Long serving as China's coal capital, historic Datong is widely considered as one of the most polluted cities in the entire world, a soot-smeared metropolis of over 3 million located an environmentally damaged northern province where, as described by the New York Times, air quality monitors are frequently on red alert and where residents, when not forced to stay indoors, have to drive with their lights on during the daylight hours. It's a city where SD China's cheery motto of "Brighten the Future, Harmonize the World" really means something. 

As part of the bid proposal, Datong officials apparently promised to build an entire "renewable energy theme park" around the Solar Decathlon village and offered to purchase some of the student-built homes to be on permanent display within the park after the conclusion of the event. Further info on the proposed theme park and the actually decathlon village are non-existent as far as I can tell on the official SD China website.

Explained Zhou Qifeng, the president of Peking University, in a 2011 press release published prior to Datong being selected as the host city:

In recent years, China’s new energy industry has made considerable progress in the field. The government’s strong encouragement and support for environment-friendly solutions have encouraged an increase in academic research and commercial deployment, spurring industry growth for new energy technologies. The Solar Decathlon China program will advance the level of technology development and application.
While both the U.S. Solar Decathlon and the Solar Decathlon Europe are thoroughly international in scope, the Solar Decathlon China manages to turn the diversity aspect up a notch:  22 teams hailing from 35 universities spanning 13 countries on 6 continents are descending on Datong to build and test their homes as part of the competition. The University of Illinois at Urbana-Champaign, the New Jersey Institute of Technology, Florida International University, and New York’s Alfred University and Alfred State University are all repping the U.S. as part of Chinese/American mash-up teams while Worcester Polytechnic Institute and the Polytechnic Institute of New York University are collaborating with Belgium’s Gent University. Teams hailing from Australia, Egypt, Singapore, Malaysia, Iran, Israel, the U.K., Sweden, and Turkey are also participating in addition to a sizable number of homegrown Chinese teams from across the country.

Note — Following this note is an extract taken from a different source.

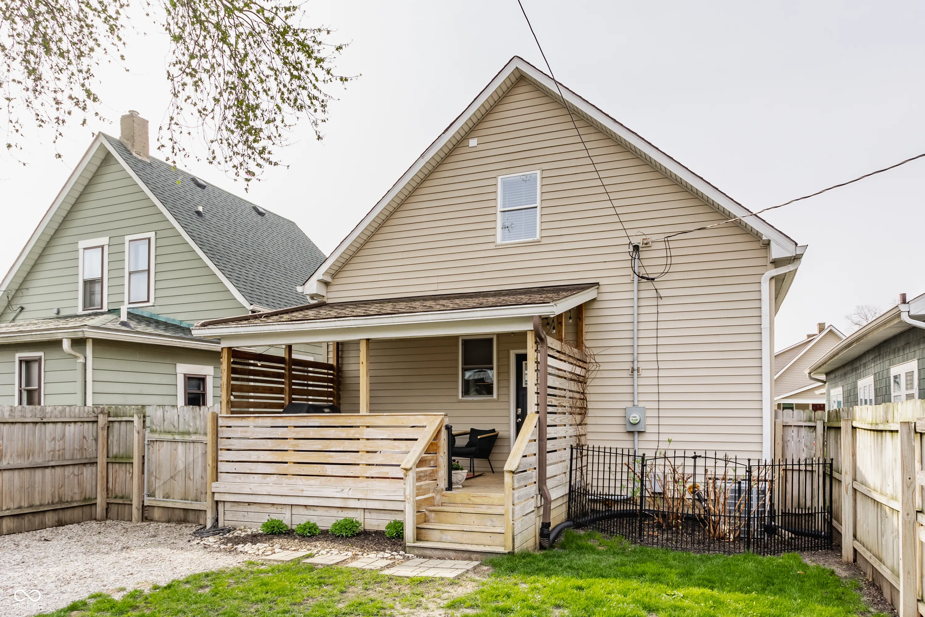 Welcome home to this sophisticated Bates-Hendricks charmer! Completely remodeled inside and out in 2017, this 4 bedroom, 2.5 bath beauty offers the perfect blend of modern updates and timeless character. Major updates in 2017 include a new roof, HVAC, water heater, electrical, plumbing, windows and flooring. Step inside to an open, light-filled floor plan with a main-level owner’s suite and a flexible second bedroom-ideal for guests or a home office. The versatile gourmet kitchen is outfitted with SS appliances, granite countertops, pantry and a large center island-perfect for entertaining. Upstairs, you’ll find a spacious 3rd bedroom and intimate 4th bedroom, a full bath, and a convenient laundry room. Enjoy outdoor living in the fully fenced backyard with a covered deck, plus a detached one-car garage and extra parking via the alley as well as on street parking for guests. All this within walking distance to local shops, restaurants, and Eli Lilly, with quick access to Fountain Square, downtown Indy, and major interstates.

As for format and rules of the U.S. Department of Energy and the National Energy Administration of China co-hosted competition, it's pretty much identical to past Solar Decathlons:

The U.S. Department of Energy Solar Decathlon (SD) is an award-winning program that challenges collegiate teams to design, build and operate solar-powered houses that are cost-effective, energy-efficient and attractive. The resulting homes demonstrate to students, the public and industry, that solar-powered houses are fully functional, comfortable and sustainable living spaces. SD aims to promote collaboration in the solar industry and to facilitate innovation and adoption of solar energy and energy-efficiency technologies.

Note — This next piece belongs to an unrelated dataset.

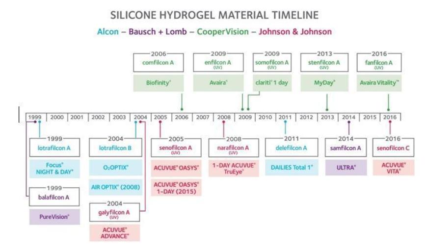 How long ago did your work with silicone hydrogel materials start?
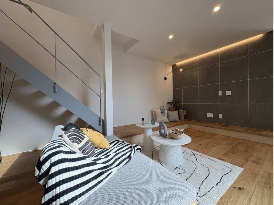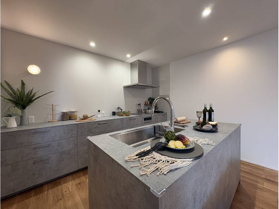 街並みの中で異彩を放つスタイリッシュな外観、そしてLDKには「グラフテクト社」のオープンキッチンを採用。スケルトン階段を上がった先には、ライフスタイルに合わせて活用できるフリースペースが広がります。

During the competition, the energy consumed by each house is generated by solar energy solutions. The competition will assess the team’s ability to conserve energy, control their physical environment and ability to be fully energy sufficient. Modeled after the Olympic decathlon competition, each home will be evaluated on their performance in ten contests.

Since the launch of the Solar Decathlon in 2002, six subsequent competitions have been hosted in the U.S. and Europe, involving over 100 collegiate teams. The competition demonstrates innovation in the solar industry’s innovation and identifies immediately viable technologies.

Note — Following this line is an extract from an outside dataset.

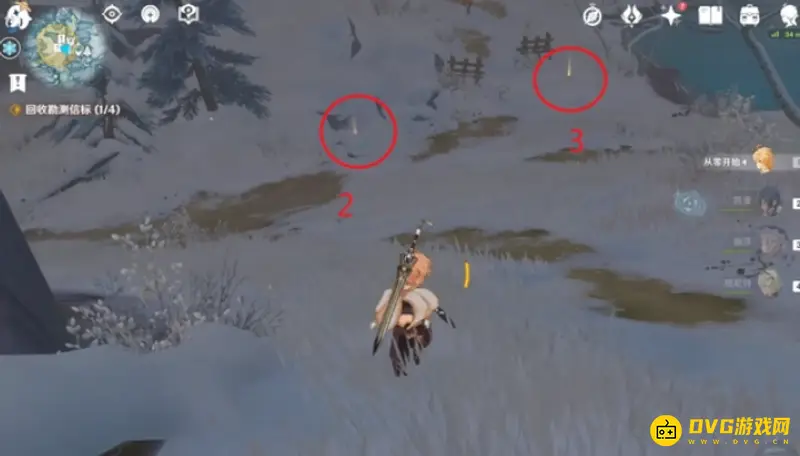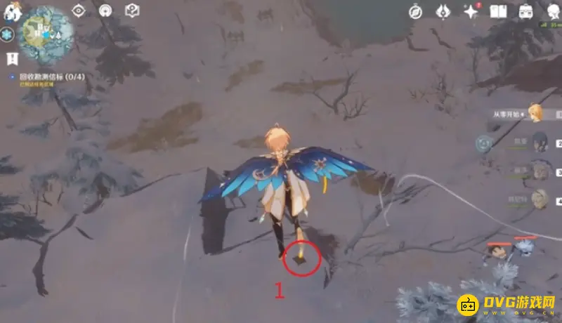 3、从传送点往地图左边飞就可以看到点1信标,在丘丘人旁边。

Below, you’ll find the full line-up of SD China contenders currently gearing up to duke it out in Datong in just a couple of weeks. I’ve provided video walk-through and intro videos for just a few of the competiting homes as I wasn't able to wrangle up embeddable videos for them all, particularly the Chinese teams. Click here for team intro videos that I wasn't able to embed.

Take a look-see and let me know what you think in the comments section. There’s some truly intriguing and innovative designs among the bunch — I have my eyes set on Team Israel’s I4E House (pictured up top), Team Sweden’s Halo House, and Etho from Peking University and the University of Illinois at Urbana-Champaign. Any early favorites or teams that you’ll be rooting for?

And stay tuned ... I’ll check in again with the Solar Decathlon China once a winner is named. In the coming weeks I’ll also start previewing a selection of U.S. Solar Decathlon homes prior to that event's kick off date of Oct. 3. Best of luck to all the competing SD China teams in these crucial days leading up to the big event!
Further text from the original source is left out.